Strona:Stefan Grabiński - Ciemne siły.djvu/129

Z Wikiźródeł, wolnej biblioteki
Ta strona została skorygowana.
O JAK CIĘ PRAGNĘ UJRZEĆ!

Kiedy wiatr słotną porą zawodzi żałobnie,
Zjawiają mi się źrenic Twych zgasłe djamenty,
Gdzie czar tlił uwięziony — nigdy niepoczęty...
Dziś na twojej mogile samotny kwiat rośnie.

Śpiewasz pieśń, którą kiedyś śpiewałyśmy obie
Młodemi usty — z duszą wcześnie spopielałą,
Jednako życiem ścięte — a żyjąc tak mało,
Wiatr szlocha w mojej pustce i na Twoim grobie.

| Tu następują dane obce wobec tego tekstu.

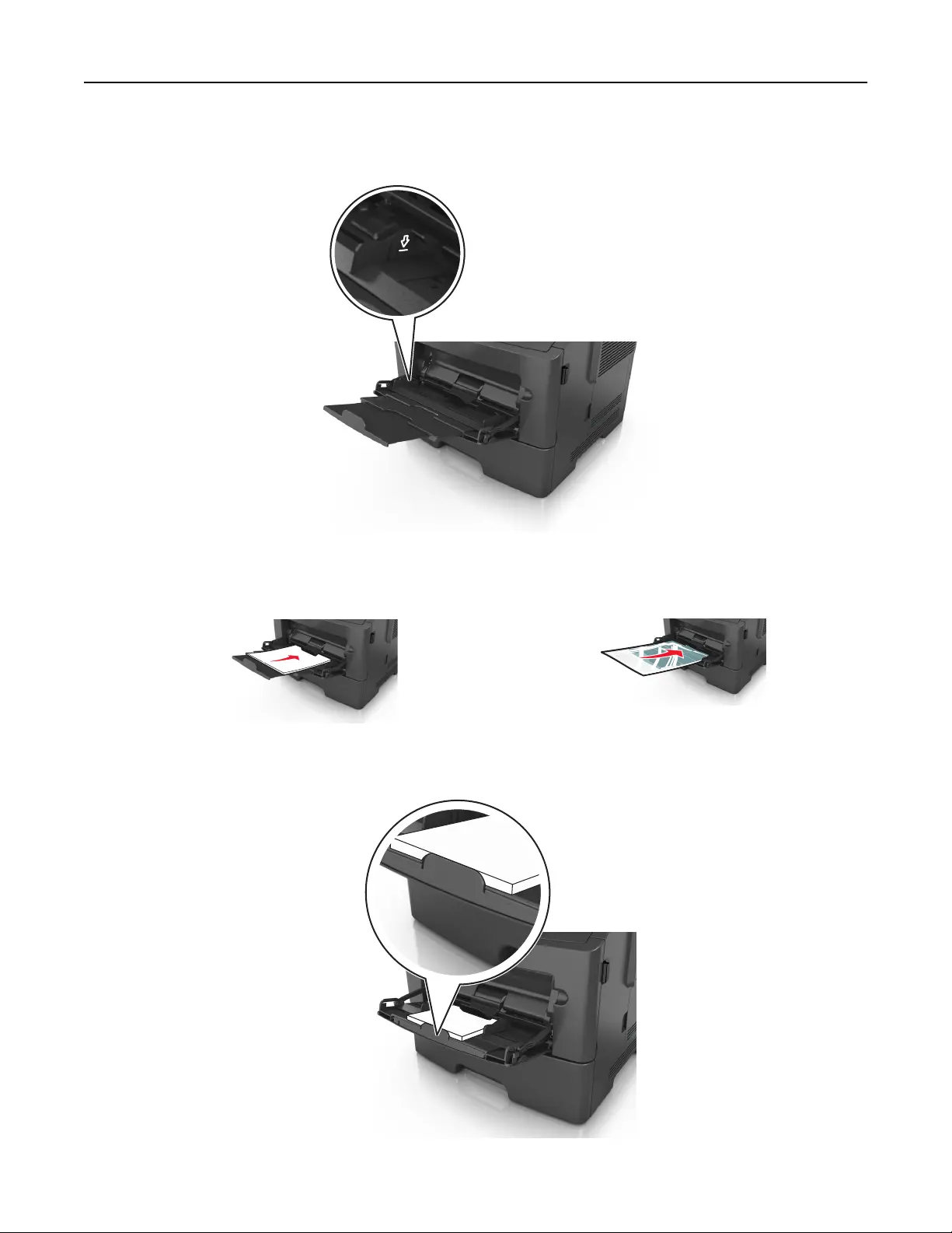 • Load paper, transparencies, and card stock with the recommended printable side faceup and the top edge
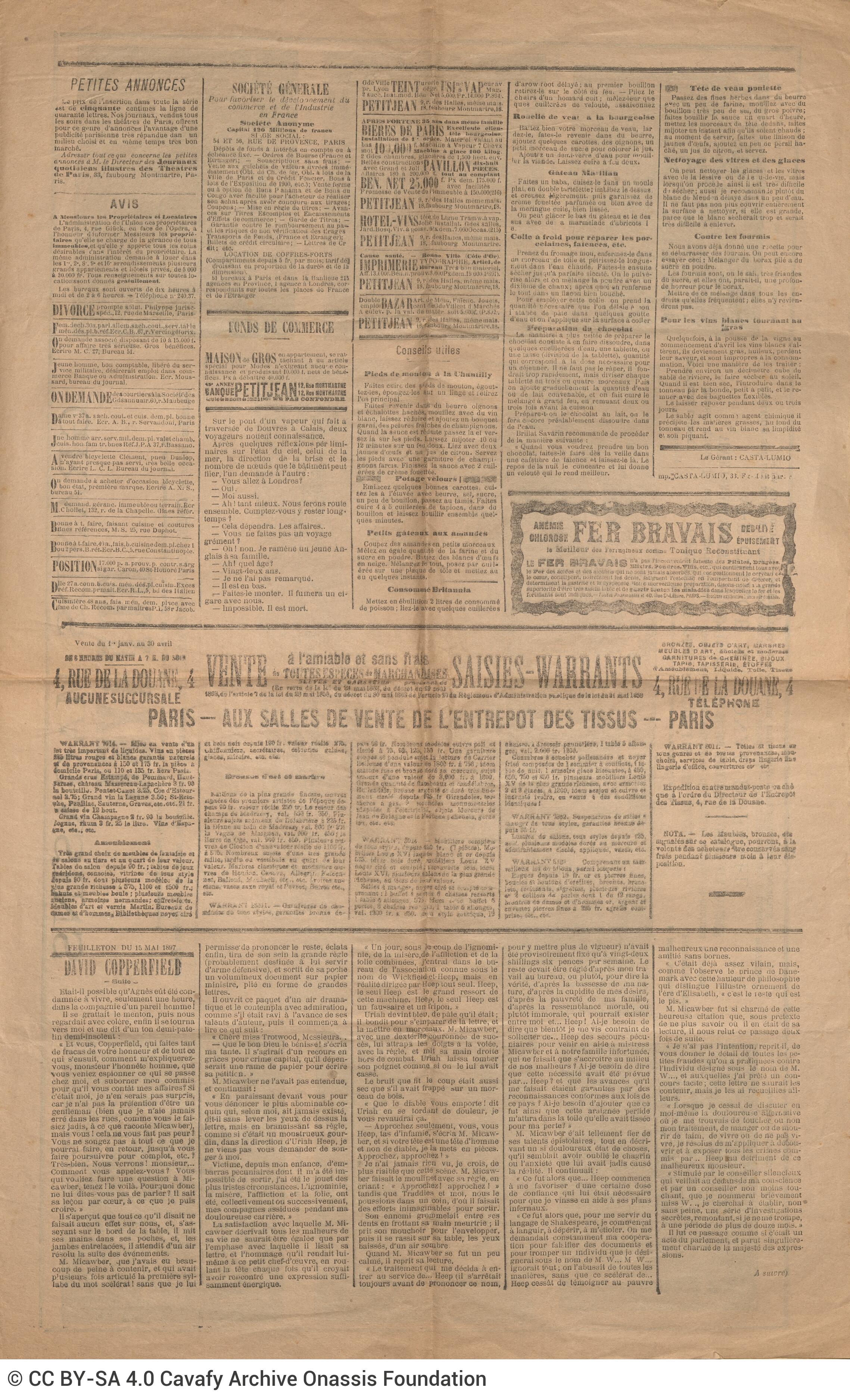 Le Vaudeville: Journal quotidien, indépendant (newspaper). “News. Le Vaudeville: Journal quotidien, indépendant”. Publication (newspaper issue), 15.05.1897. GR-OF CA CA-SF02-S02-F25-SF009-0017 (2138), Onassis Foundation C. P. Cavafy Fonds. From The Digital Collection of the Cavafy Archive, edited by Onassis Foundation, Athens, last modified 01.10.2025. https://doi.org/10.26256/CA-SF02-S02-F25-SF009-0017.
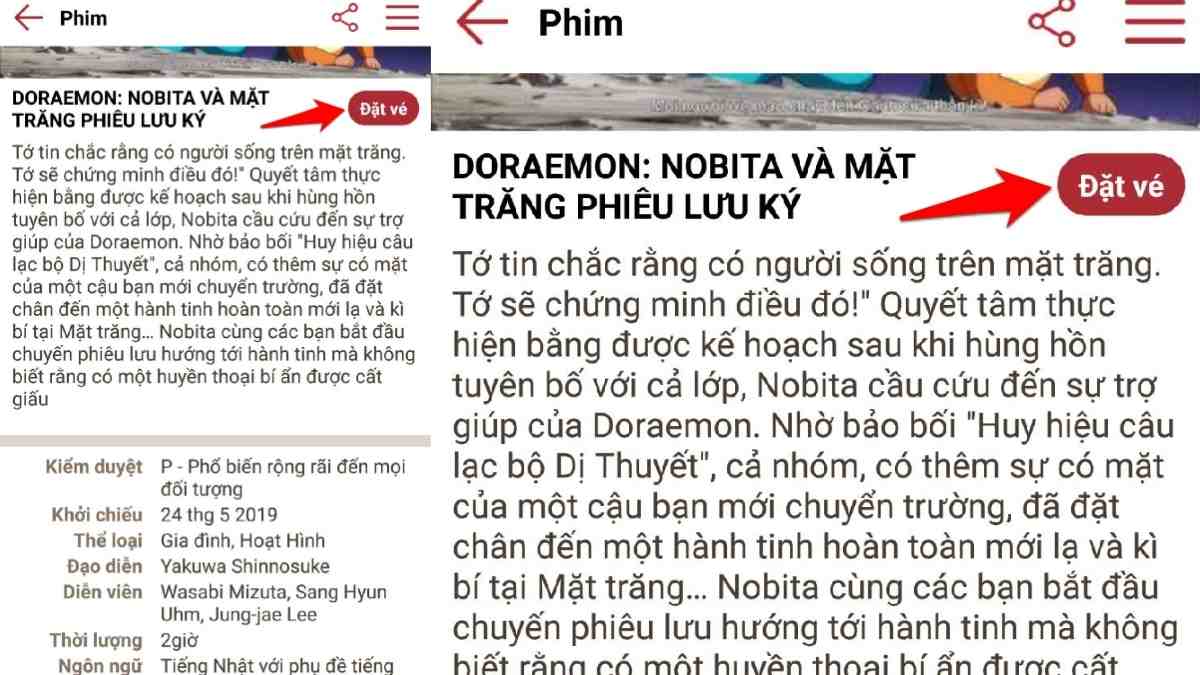 Bước 3: Chọn bộ phim mà bạn muốn xem bằng cách nhấn vào hình ảnh của nó. Trang thông tin chi tiết về bộ phim sẽ hiển thị, bao gồm trailer, nội dung tóm tắt, diễn viên, thể loại, ngày khởi chiếu, độ tuổi, thời lượng và ngôn ngữ. Nhấn ‘Đặt vé’ để tiếp tục.
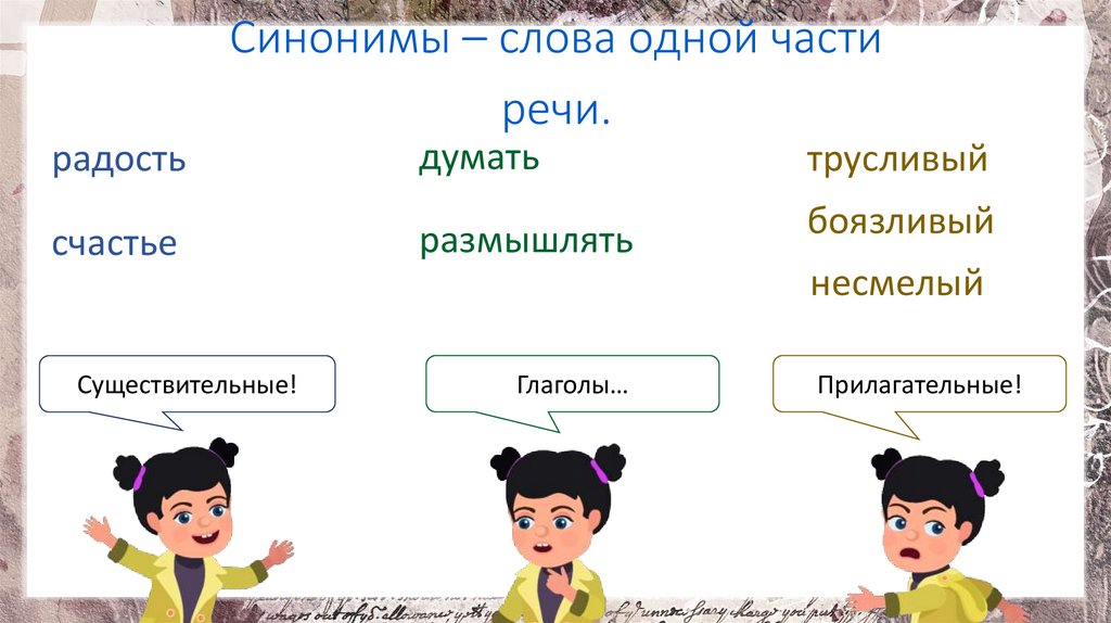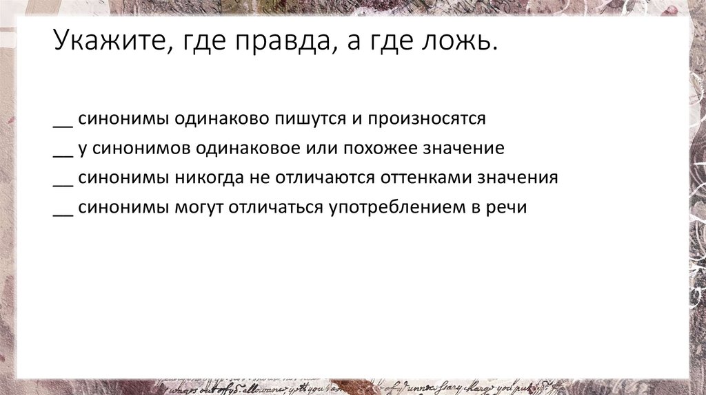 __ синонимы одинаково пишутся и произносятся__ у синонимов одинаковое или похожее значение

Mam splotów Twoich bujne, przecudne warkocze,
Co drogą głowę wieńcem bezcennym stroiły;
Wiją się w tych kędziorach słodkich wspomnień pyły,
Gdy je pieszcząc — za Tobą w nieznany świat kroczę.

O! jak Cię pragnę ujrzeć w noc księżycem białą,
Jak roję, abyś wstała powagą milcząca
I tą gwiazdą-wysłanką, którą wola strąca
Zmarłych, wieść mi przesłała: co się z Tobą stało?